Any way to mitigate whole program optimization?

I have a switch statement of ~10-20 device functions that operate on a large structure (100+ registers).

The device functions are typically unrolled loops that work on different subsets of the larger structure.

The register footprint of each device function should be able to fit in the remaining free registers as determined by launch bound constraints and minus the large in-register structure.

What’s interesting is that you would think the register footprint of the switch statement would be determined by the device function with the largest register footprint.

Unfortunately, that doesn’t seem to be the case.

Adding a simple and minimal footprint device function to the switch statement impacts the entire kernel in both register usage and performance.

I’m not surprised that some of this is happening but am wondering if there are any strategies for mitigating whole program optimization.

I don’t want to fight PTXAS for something so simple.

I’d still like the individual device functions to be optimized since experimentation shows that -O1 does drop register usage but with an appreciable drop in performance. The “-no-bb-merge” option wasn’t very helpful either.

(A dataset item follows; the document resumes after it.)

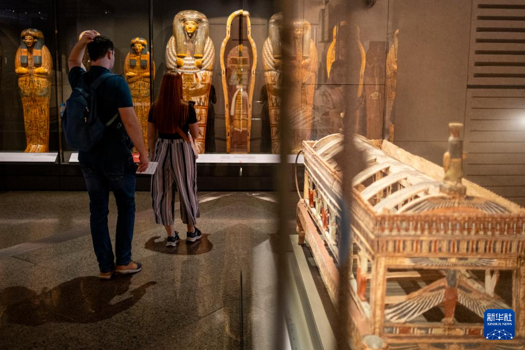 12月20日,游客在埃及吉萨的大埃及博物馆观赏法老图坦卡蒙的神龛。
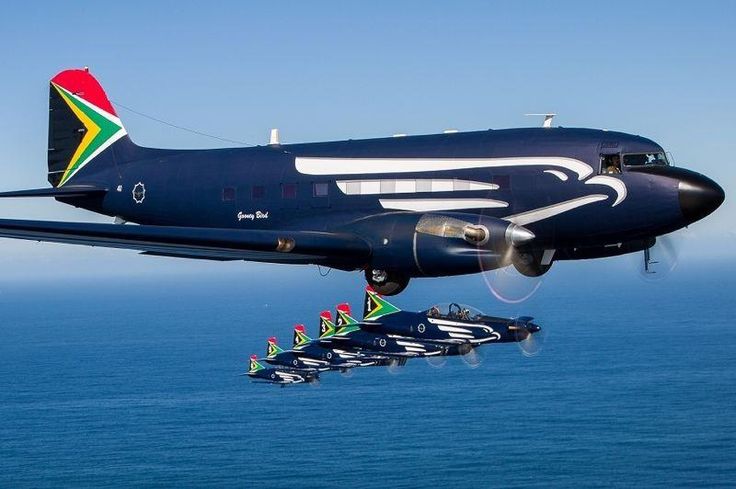South African Silver Falcon display team C-47 "Gooney Bird" used for logistics, spares & carrying personnel to air shows was painted in matching colour scheme for a short period in 2012, and some times participated in the displays

If you have any ideas I’ll try them out but otherwise I think I’ll wind up having to reduce overall register pressure by enough that there is plenty for PTXAS to use.

Did noinline help?
How about calling through function pointers?

Thanks, Tera.

I will try noinline!

Calling through function pointers was disastrous because the function args were being copied instead of left in place.

Performant function pointers would’ve been my preference though.

Did you pass the args by reference?

  1. wait for cuda8 or ask nvidia guys to test it for you. may be nvidia still have early access program?
  2. try ‘if’ instead of switch
  3. use union to force register reuse:
void f (struct_with_f_locals &l);
void g (struct_with_g_locals &l);

union {struct_with_f_locals a; struct_with_g_locals b} x;
f(x.a);
g(x.b);

@tera: noinline appears to be tickling a compiler bug. The kernel drops to only using 127 registers and spills the rest.

@txbob: Yes, all args are passed by reference and were also passed as const correct pointers in an earlier version with identical results.

@BZ: I’m using CUDA 8.0 EA and make use of unions. I’ve tried pure switch vs. if/elseif as well.

Thanks for all your suggestions – keep 'em coming if you have more!

It’s just confounding that adding one small footprint function to the switch/if/elseif can impact both performance and register allocation.

I suspect there is little I can do about this other than reduce overall register pressure.

you can fill a bug report. for me it seems serious compiler drawback

about unions - i mean that you should union local variables of both functions. this way, they cannot be allocated in different registers. i modified my example above to emphasize the idea

@BZ, got it – that’s an interesting idea. I will try it tomorrow morning.